- Creation date: 31 May 1977
- Created by: Juan Carlos I
- Peerage: Spanish nobility
- First holder: Torcuato Fernández-Miranda, 1st Duke of Fernández-Miranda
- Present holder: Enrique Fernández-Miranda y Lozana, 2nd Duke of Fernández-Miranda

= Duke of Fernández-Miranda =

Dukedom of Spain

Duke of Fernández-Miranda (Duque de Fernández-Miranda) is a hereditary title of Spanish nobility, accompanied by the dignity of Grandee. It was created on 31 May 1977 by King Juan Carlos I in favor of politician Torcuato Fernández-Miranda, who played an important role in the Spanish transition to democracy.
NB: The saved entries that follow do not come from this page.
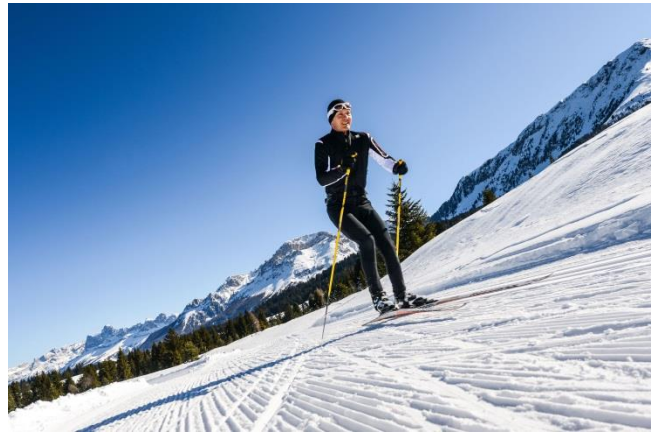
Skilangläufer im Val di Fiemme

Trento, 18. Januar 2018. Am 28. Januar 2018 ist es wieder soweit – Die besten Skilangläufer kommen beim traditionellen Marcialonga-Rennen im Val di Fassa und Val di Fiemme zusammen. Auch darüber hinaus hat das Trentino viel für Fans des nordischen Sports zu bieten: In den Skilanglaufgebieten der norditalienischen Provinz erwarten Urlauber gepflegte Loipen auf insgesamt 470 Kilometern Länge und mit der Fiemme-motion Wintercard oder dem Super Nordic Skipass vielseitige Angebot für den Anfänger bis zum Profi.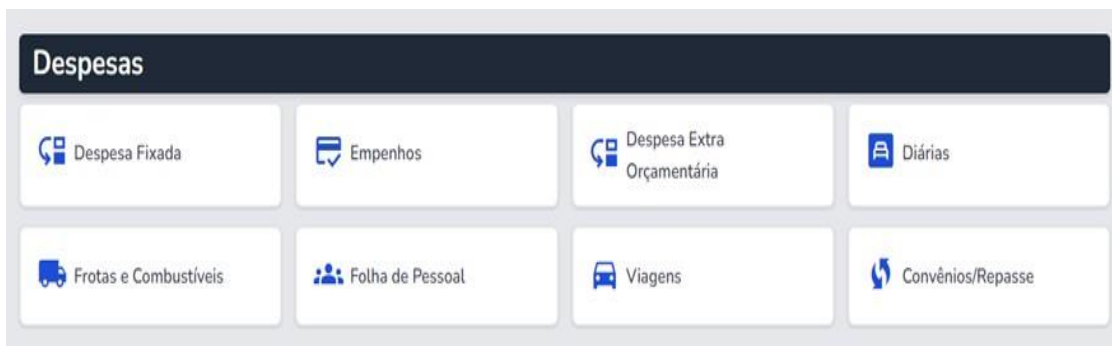
Figura 6 – Opções de consultas das despesas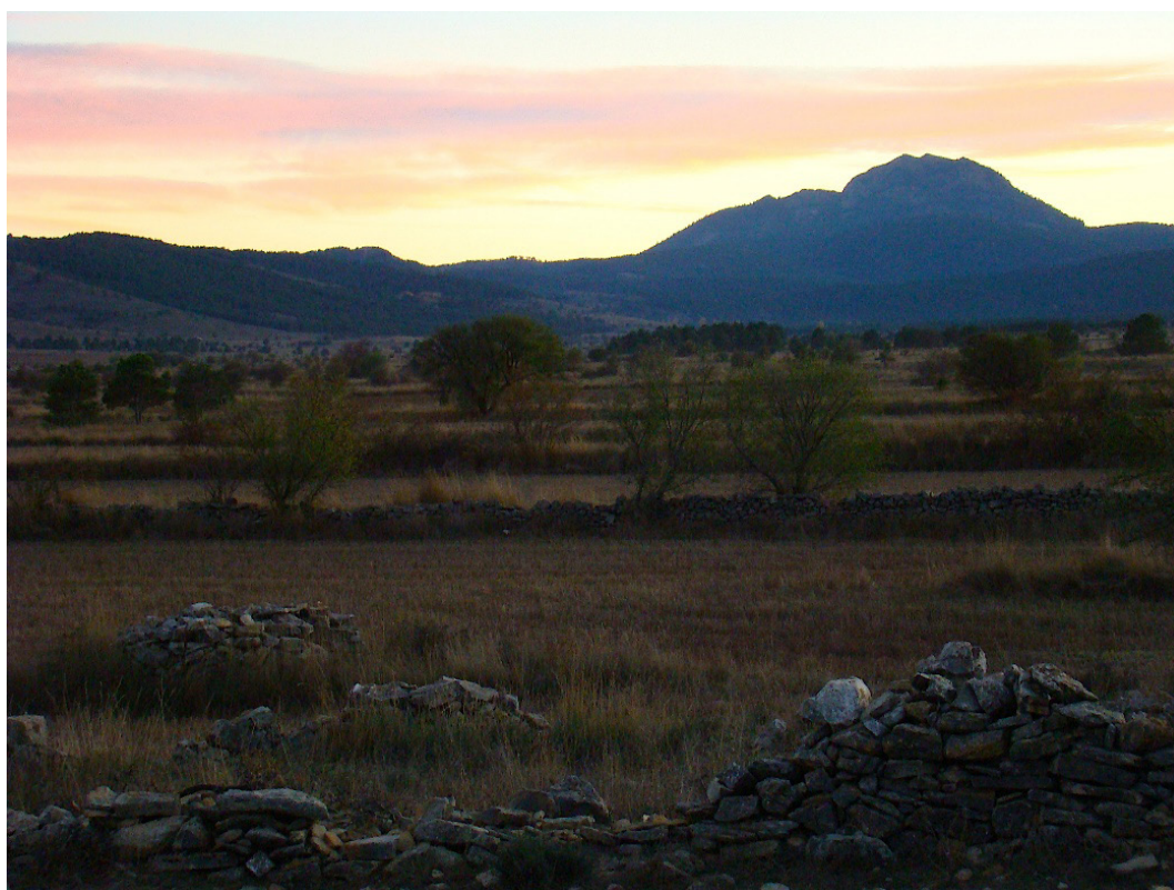
Figura 3. El pico de Penyagolosa visto desde los bancales del Pla de Vistabella. 05 de noviembre de 2013. Autora: Elvira Safont

La puesta en valor de la personalidad cultural y el fomento de la autoestima de este territorio estarían en la base de esta comunidad patrimonial que se intenta generar con los habitantes residentes, pero que cuenta con una importante aportación de población flotante: en el siglo XXI la mejora de las comunicaciones devuelve cada fin de semana al territorio una parte de pobladores expulsados que desarrollan su actividad profesional en la línea de costa pero que mantienen lazos afectivos, culturales y económicos con su lugar de origen.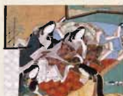
源氏物語絵巻 朝暈(部分) 個人蔵

企画展 読み継がれた源氏物語 11月8日(日)～12月13日(日) 【特別公開】国宝 紫式部日記絵巻 11月8日(日)～12月13日(日)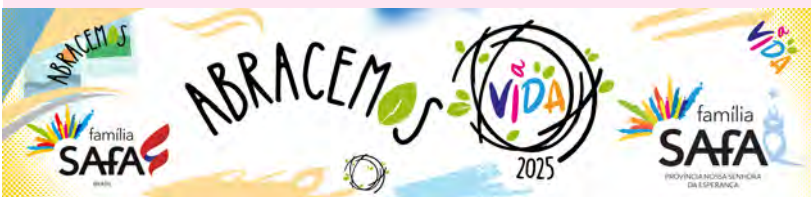
Lema da Província para 2025: abracemos a vida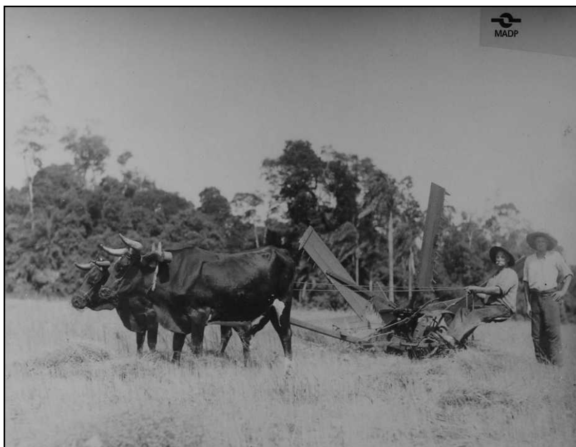
Imagem 22 – Ceifadeira puxada por bois (Coleção Eduardo Jaunsem, 1924).

No plano geral da imagem é possível ver a intencionalidade do fotógrafo em ressaltar o trabalho com a ceifadeira que se encontra imponente no centro da imagem, sem no entanto, deixar de ressaltar as belezas naturais da nova terra que o acolheu. E a possível diferenciação/ status do sujeito que possui uma ceifadeira para a colheita, uma tecnologia mais produtiva/avançada que as foicinhas. Como já frisamos anteriormente, a chegada de uma nova tecnologia não necessariamente suprime o uso da anterior, mas as duas convivem juntas até que todos os sujeitos tenham acesso à mesma. Eduardo Jaunsem retratou muitas dessas novas tecnologias que, para além de enriquecer e ampliar o leque da cultura técnica de Ijuí, se tornam nessas imagens quase que um monumento sinônimo de diferenciação social. Algo também interessante é a preocupação de Jaunsem em retratar essas novas tecnologias e transformá-las em memória nas fotografias.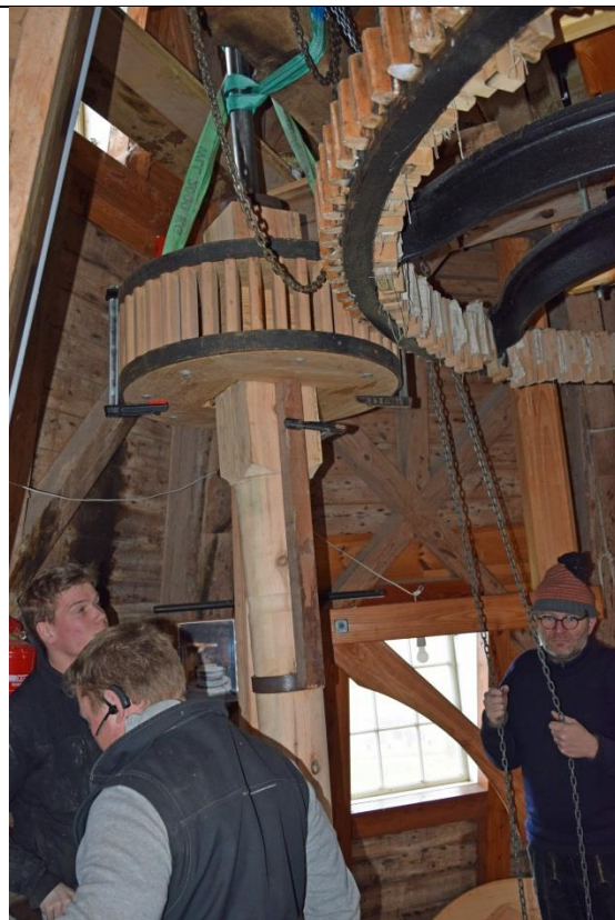
Nu er det lidt spændende hvor godt tændrene i det nye stokkedrev og kronhjulet passer sammen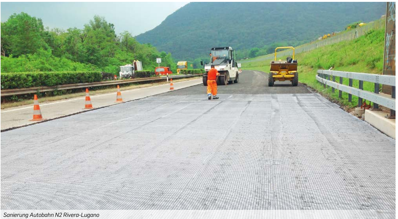
Sanierung Autobahn N2 Rivera-Lugano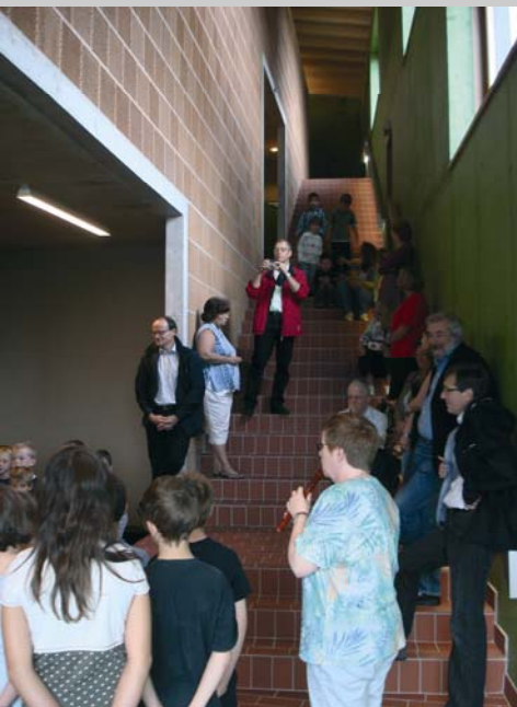
Un escalier imposant vers la connaissance, que de changements...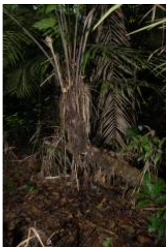
ARECACEAE - Phytelephas macrocarpa Ruiz & Pav.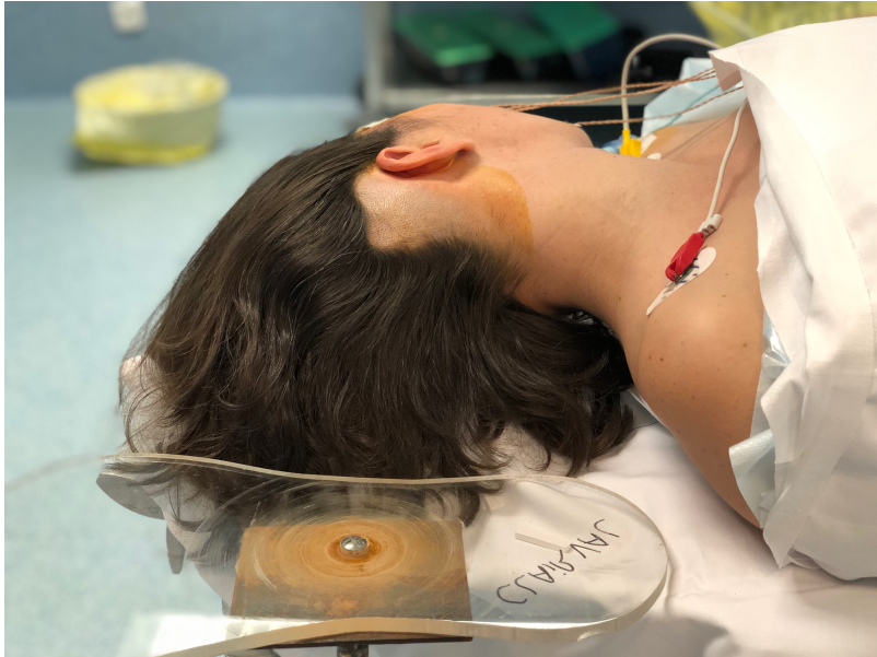
RASAGE ET POSITION DE LA TABLETTE

Névrалgie – Chirurgie de décompression / débouclage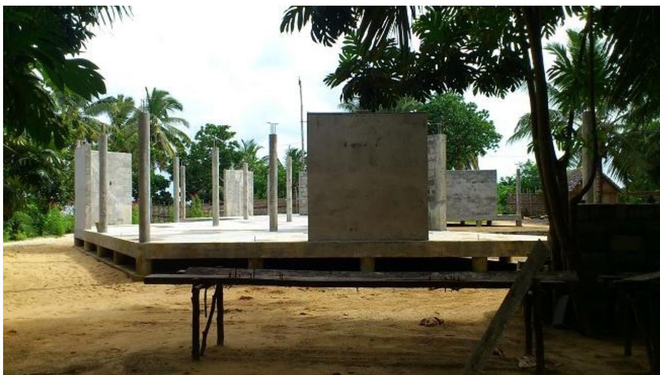
Le bâtiment en cours de construction (juin 2012)

Puisque nous avons transféré sur Ambodifotatra l'activité médicale, nous allons utiliser le bâtiment en cours de construction comme moteur financier en y réalisant une première version, allégée, du projet écologie. Nous allons y aménager cinq appartements qui seront loués à la semaine ou à la nuit aux touristes et qui pourront servir de logement aux médecins ou personnel médical de passage.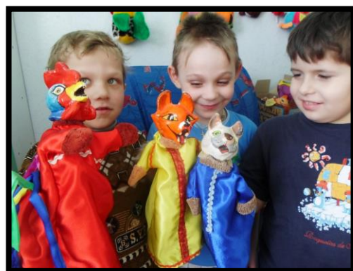
Постановка кукольного театра «Кот, Петух и Лиса»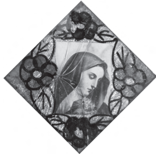
Скляна рамка з декоративним розписом — обрамлення для ікони-фотокопії «Страждальна Мати». Середина — друга половина ХХ ст., с. Шутроминці Заліщицького р-ну Тернопільської обл. Фото автора 2011 р.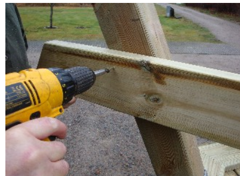
Fäst bärlinan i benet med skruv, två st. i respektive bärlina och ben.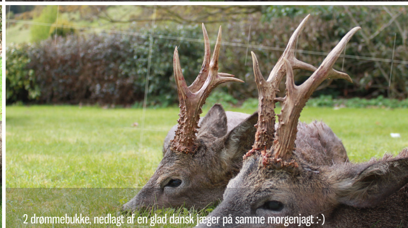
2 drømmebukke, nedlagt af en glad dansk jæger på samme morgenjagt :-)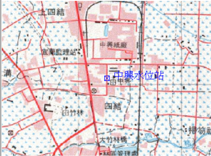
點位略圖(1/25000) 圖名：圖號：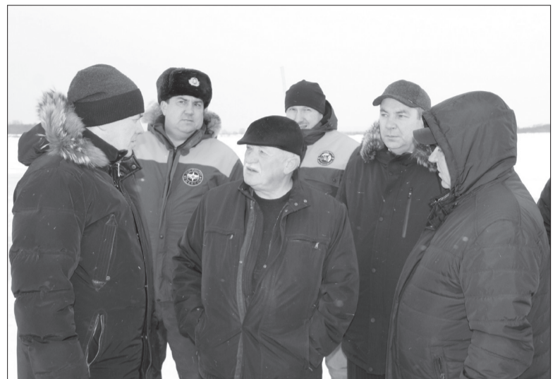
Мониторинг ледовой обстановки ведется ежедневно

Союз русских Ганзейских городов был создан в 2010 году, он объединяет 187 городов из 16 стран Европы. Сегодня к городам «русской Ганзы» относятся Белозерск, Великий Новгород, Вологда, Ивангород, Калининград, Кингисепп, Порхов, Псков, Смоленск, Тверь, Тихвин, Торжок, Тотьма, Вышний Волочек и, конечно, Великий Устюг, который будет встречать гостей уже в следующем году. Подготовка к проведению масштабного фестиваля в нашем городе продолжается не первый год, работы предстоит сделать много. Сам праздник состоится в Ве-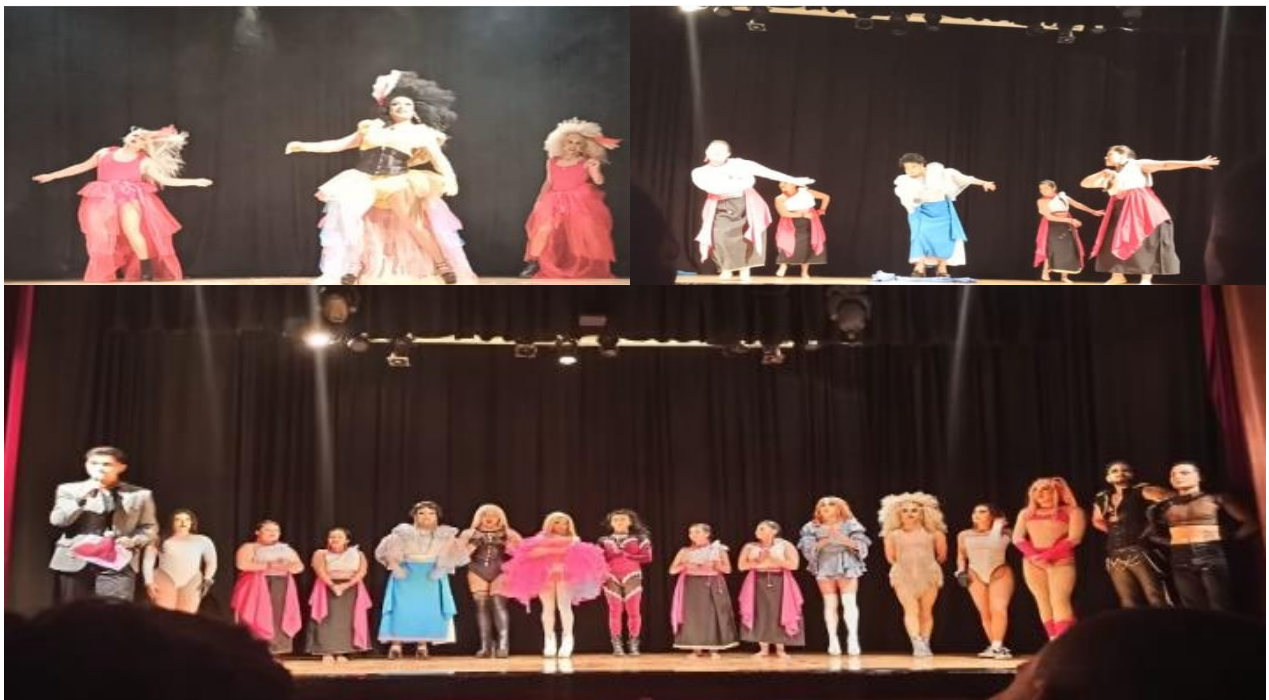
14 de mayo de 2022

Considero que esta heterotopía sexo-genérica se presentó bajo la forma de una queerización o LGBTización del espacio porque no se hizo alusión al término ‘marica’. El modo en el que se cuestionó y subvirtió el espacio fue a través del arte, en un ámbito privado y arancelado. Considero que, la presentación artística en un espacio privado permitió que transitar en el sistema binario sea aceptado por la universidad, a diferencia de los momentos en los cuales hubo censura por parte de lxs directivxs al observar cuerpos disidentes tomarse el espacio público. Esto trajo consigo reflexiones sobre la población LGBTIQ+ e incluso disidencia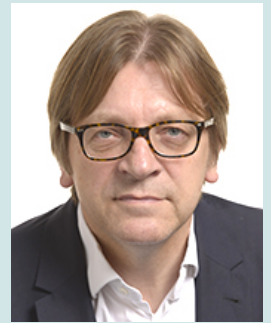
Partiformand Guy Verhofstadt

Som formand for partigruppen er det dit ansvar at lægge den overordnede politiske strategi. Du skal derfor diskutere med din særlige rådgiver hvilke partier, I ønsker at lave alliancer med. Som formand har du også det sidste ord, når det kommer til miljøpolitikken, men du lytter selvfølgelig til råd fra partigruppens medlem i miljøudvalget.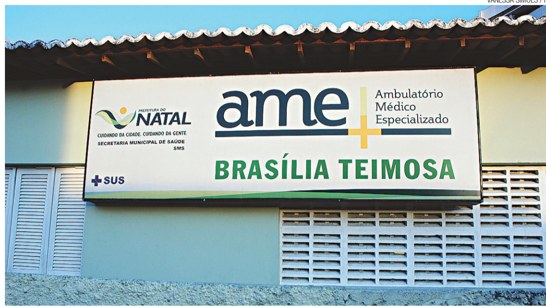
► Juiz entendeu que R$ 690 mil são recursos prioritários para manter funcionamento das unidades de saúde

His political education of then Prince Juan Carlos (starting in 1960) during the dictatorship of Francisco Franco, and his statesmanship creating transitional laws and a Constitution, and in facilitating the referendum and democratic elections after the death of Francisco Franco in 1975, were instrumental in Spain's return to democracy.

==History==
Torcuato Fernández-Miranda y Hevia (1915–1980), 1st Duke of Fernández-Miranda, was the former president of the Cortes Españolas and of the Council of the Realm. Contrary to Franco's intent or the dictatorship to continue after his own death, Torcuato Fernández-Miranda served as a statesman in the Spanish transition to democracy, instrumental in helping King Juan Carlos I, and the people of Spain, to replace the bodies Torcuato Fernández-Miranda had been president of with a democratic Cortes Generales. He also served as first deputy prime minister, and as acting prime minister after the assassination of Luis Carrero Blanco.
- Married María del Carmen Lozana and Abeo.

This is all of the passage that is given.